Former Serb Commander Gets Lifer For War Crimes, Genocide

23 Nov, 2017 12:42 IST|Sakshi
Ratko Mladic

The Hague: Ratko Mladic, the former commander of the Bosnian Serb Army, has been sentenced to life imprisonment after being convicted of genocide, war crimes and crimes against humanity by a UN tribunal here. Known as the "Butcher of Bosnia", Mladic led forces during the massacre of Bosnian Muslims (Bosniaks) in Srebrenica and the siege of Sarajevo. The UN tribunal convicted him on 10 of the 11 charges.

The tribunal found that Mladic "significantly contributed" to the genocide in Srebrenica in 1995 where more than 7,000 Bosniak men and boys were murdered, the worst atrocity in Europe after World War II. He was also deemed responsible by the chamber for inciting terror during the Siege of Sarajevo (1992-96) -- where Serb troops had carried out a campaign of indiscriminate sniper fire against civilians. The death toll was more than 10,000.

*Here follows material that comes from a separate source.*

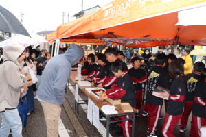 あいにくの雨でしたが、来られているお客さんに、城端の魅力をつたえようと一生懸命に商品を販売しました。
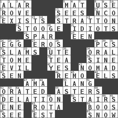 ACROSS 1. Having or resembling wings 5. Floor covering 8. Purpose 11. Be footloose 12. Observes 13. Non-commissioned officer (abbr.) 14. Is 17. Ski resort town in Vermont 19. Moe Howard, for one 21. Foolish or stupid persons 22. Practice fight 23. Car or cant ending 24. Oval reproductive body of a fowl 27. Greek god of love 29. Personal Computers (abbr.) 32. Criticizes harshly 34. Shoshoni 36. Relating to the mouth 37. Heavy book 38. Afternoon social gathering 39. Trig term 40. Tending to cause great harm 41. It is so 42. Wanderer 43. Elected rep. 44. San ____ (Riviera town) 46. Raised railways 47. Nursemaid (var.) 50. Long (Scottish) 52. Spoke pompously 55. Michaelmas daisies 57. Accusation by an informer 59. Flight of steps 62. Compass dir. 63. Round or rotation of duties 64. Scornful sounds 65. Observe 66. Eastern Standard Time (abbr.) 67. Overwhelm DOWN 1. "We ___ not amused" (Victoria) 2. Brine-cured salmon 3. Advice 4. Musical pauses 5. Was introduced to 6. Nest on high 7. Sadhe (variant) 8. To (old English) 9. Native of Scotland 10. Immeasurably long periods of time 12. Compass dir. 15. Drinks excessively 16. Fly high 18. Metal container 20. Sullen 24. _____ Park, CO 25. Michael Jackson trademark 26. Street urchin 28. Bull 29. First class 30. Lessep's creation 31. Bobsleighs 33. Cartoonist voice _ Blanc 35. Artist's stands 36. Bear (Spanish) 42. Music written for nine 45. Floor coverings 47. _ moment's notice (2 wds.) 48. Distance measurement (Brit.) 49. Goodbye (Sp.) 51. Catches 52. Lyric poems 53. French philosopher Descartes 54. Toward shelter 55. Santa ___, CA 56. The Jewish people; Israel 58. Baseball player Mel 60. Friend of Pooh 61. Compass dir.

"The crimes committed rank among the most heinous known to humankind and include genocide and extermination as a crime against humanity," presiding judge Alphons Orie said while reading the verdict.

Orie read out many crimes committed by troops under Mladic's command including mass rapes of Bosniak women and girls, keeping Bosniak prisoners in appalling conditions - starving, thirsty and sick - and beating them, terrorising civilians in Sarajevo by shelling and sniping, deporting Bosniaks forcibly en masse and destroying Bosniaks' homes as well as mosques.

The chamber rejected mitigating circumstances proposed by the defence team and handed Mladic a life sentence, bringing to a close a 530-day, four-year landmark trial at the UN International Criminal Tribunal. Before the verdict could be read, Mladic had to be removed from the room after he launched into a sudden outburst of angry shouting in a bid to halt proceedings by claiming that his blood pressure was too high. The reading of the verdict resumed after a brief adjournment.

The tribunal was created especially to try war crimes committed during the Yugoslav conflicts that tore up the Balkans in the 1990's. The chamber detailed that during the massacre of Srebrenica, Bosnian Serb troops separated men and boys from women being loaded onto buses to evacuate the Muslim population from the enclave. Those males were then subject to torture, humiliation and beatings before being executed.

Mladic is still regarded as a war hero by many in Serbia and the decision is likely to prompt backlash. The verdict comes a year after former Bosnian Serb leader Radovan Karadžic was found guilty of genocide over the 1995 massacre in Srebrenica and sentenced to 40 years in jail.